**Supplied records:**

--- --- ---

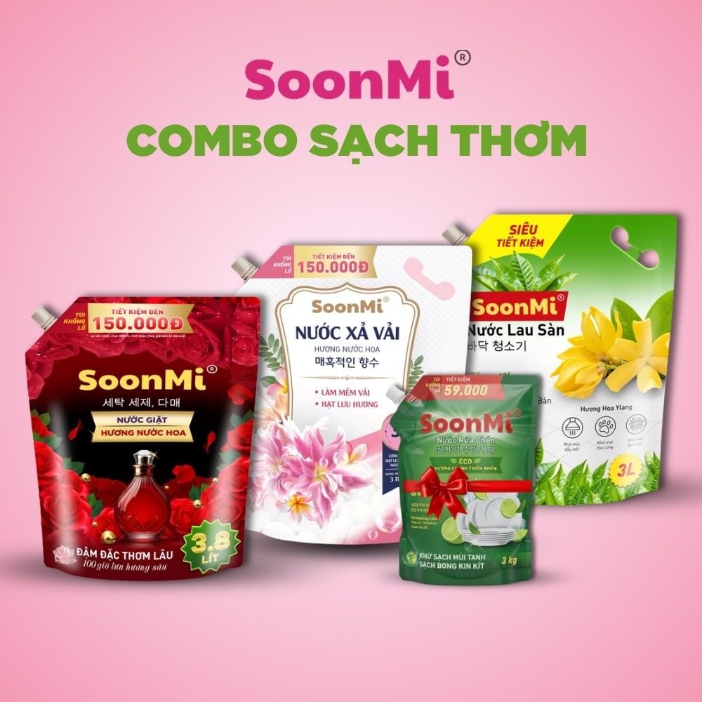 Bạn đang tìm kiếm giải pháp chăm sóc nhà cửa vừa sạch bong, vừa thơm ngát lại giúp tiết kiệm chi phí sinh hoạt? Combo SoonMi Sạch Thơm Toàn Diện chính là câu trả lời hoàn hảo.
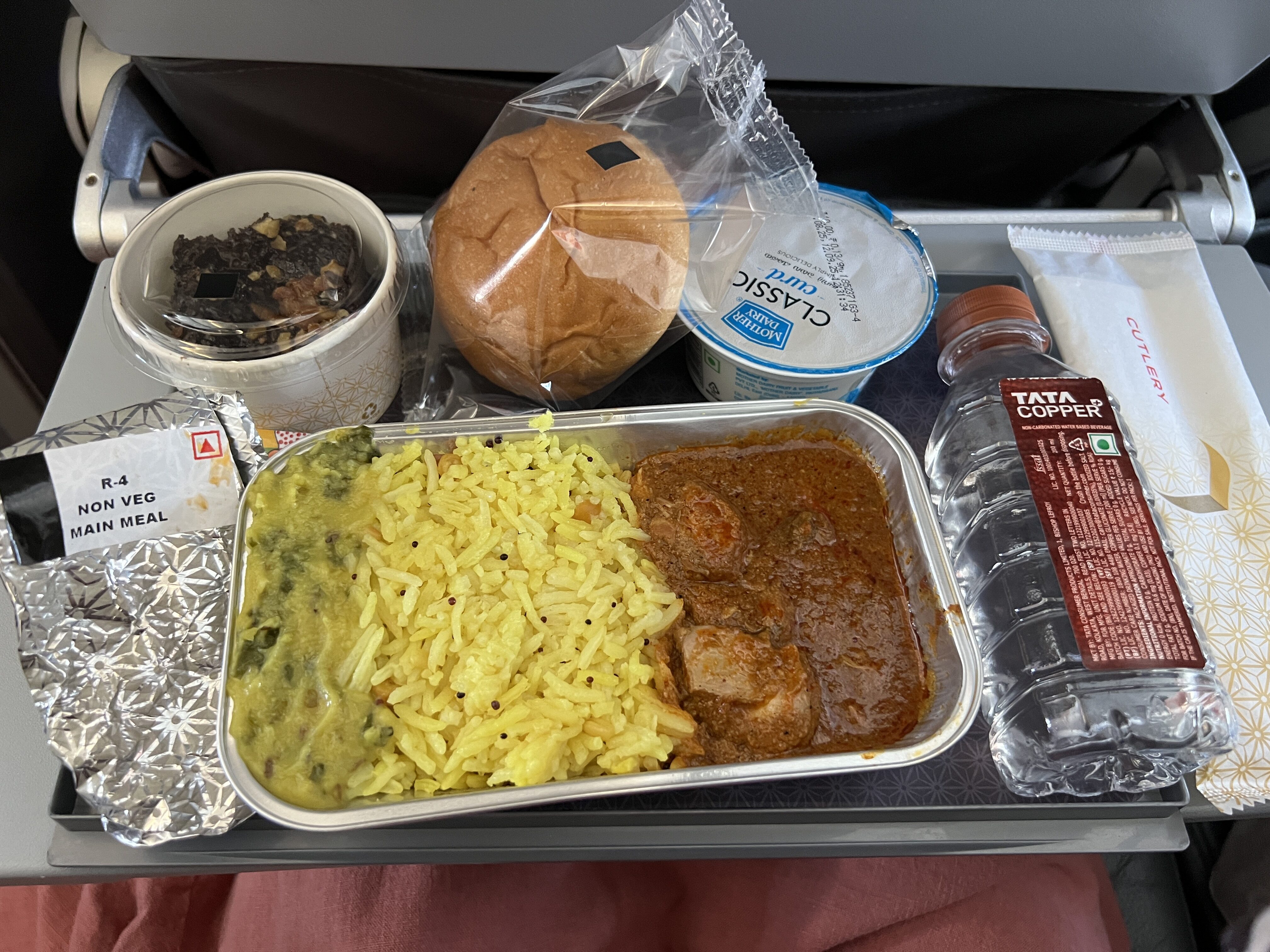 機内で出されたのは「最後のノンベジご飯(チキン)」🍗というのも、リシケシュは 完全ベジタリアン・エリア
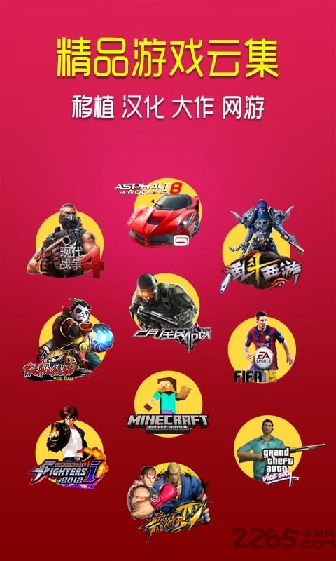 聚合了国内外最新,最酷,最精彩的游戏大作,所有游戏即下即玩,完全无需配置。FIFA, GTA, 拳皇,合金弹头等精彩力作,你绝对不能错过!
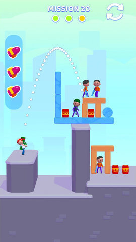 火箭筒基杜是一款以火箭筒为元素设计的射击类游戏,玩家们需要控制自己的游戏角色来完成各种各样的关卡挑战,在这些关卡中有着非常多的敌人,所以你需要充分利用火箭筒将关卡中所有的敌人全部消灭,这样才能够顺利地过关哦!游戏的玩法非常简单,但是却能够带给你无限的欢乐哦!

--- --- ---

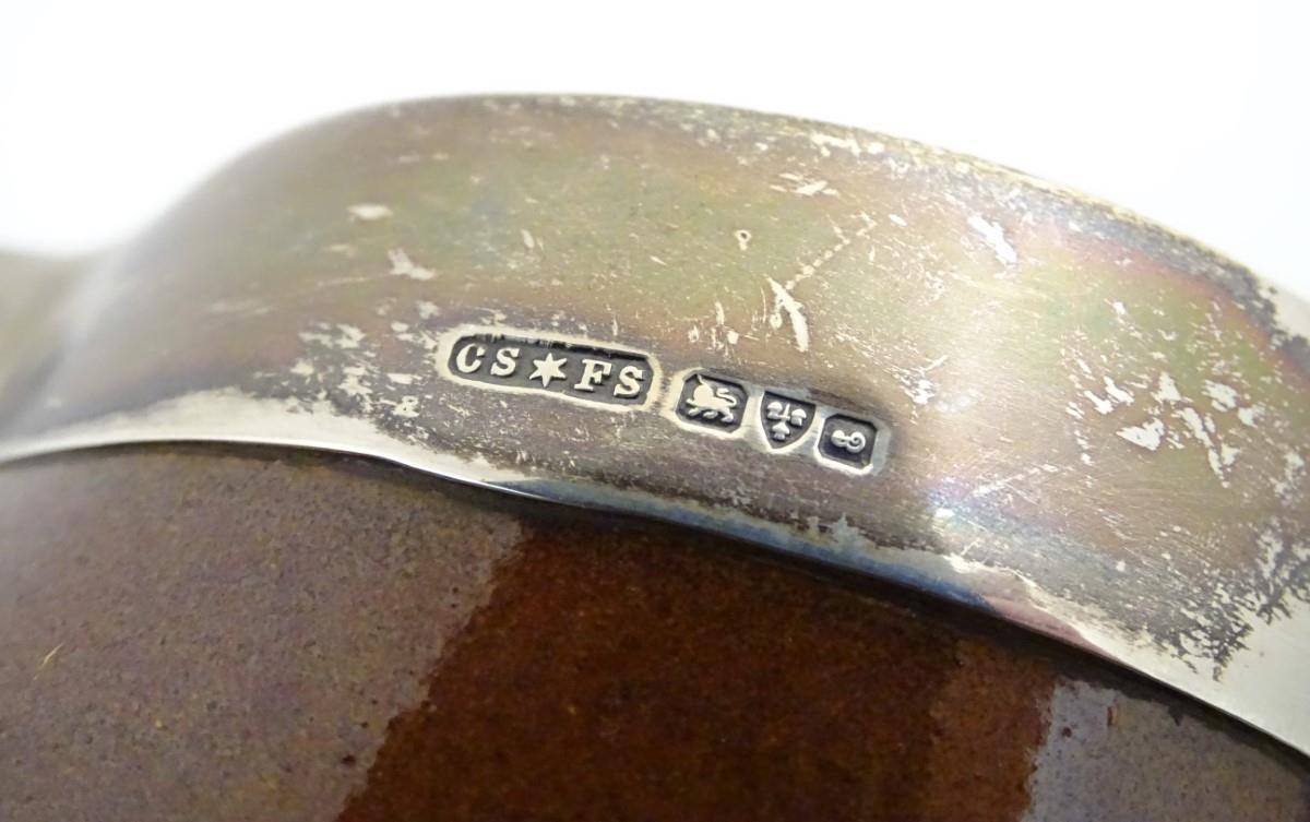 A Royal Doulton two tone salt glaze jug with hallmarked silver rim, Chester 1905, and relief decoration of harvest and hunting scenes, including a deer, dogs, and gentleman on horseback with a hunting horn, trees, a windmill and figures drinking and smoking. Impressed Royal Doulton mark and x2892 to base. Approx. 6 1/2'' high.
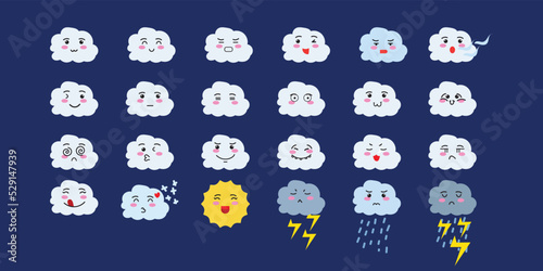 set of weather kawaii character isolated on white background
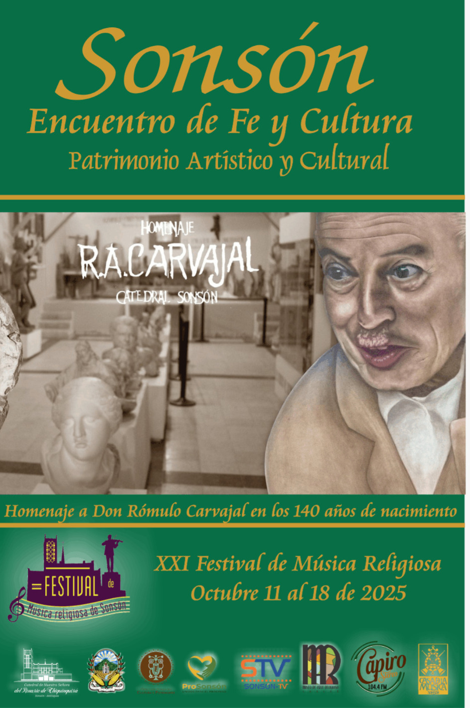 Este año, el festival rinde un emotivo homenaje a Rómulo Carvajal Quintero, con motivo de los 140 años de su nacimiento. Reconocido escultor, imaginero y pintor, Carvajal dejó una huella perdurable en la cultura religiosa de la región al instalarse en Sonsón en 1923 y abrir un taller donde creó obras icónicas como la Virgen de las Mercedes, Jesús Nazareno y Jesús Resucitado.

--- --- ---

**What to work on:**
In the listing above, find the line containing "機内で出されたのは「最後のノ" and the line containing "火箭筒基杜是一款以火箭筒为元", then output those two lines and everything between them exactly as written, without the images.

**Solution to this problem:**
 機内で出されたのは「最後のノンベジご飯(チキン)」🍗というのも、リシケシュは 完全ベジタリアン・エリア
 聚合了国内外最新,最酷,最精彩的游戏大作,所有游戏即下即玩,完全无需配置。FIFA, GTA, 拳皇,合金弹头等精彩力作,你绝对不能错过!
 火箭筒基杜是一款以火箭筒为元素设计的射击类游戏,玩家们需要控制自己的游戏角色来完成各种各样的关卡挑战,在这些关卡中有着非常多的敌人,所以你需要充分利用火箭筒将关卡中所有的敌人全部消灭,这样才能够顺利地过关哦!游戏的玩法非常简单,但是却能够带给你无限的欢乐哦!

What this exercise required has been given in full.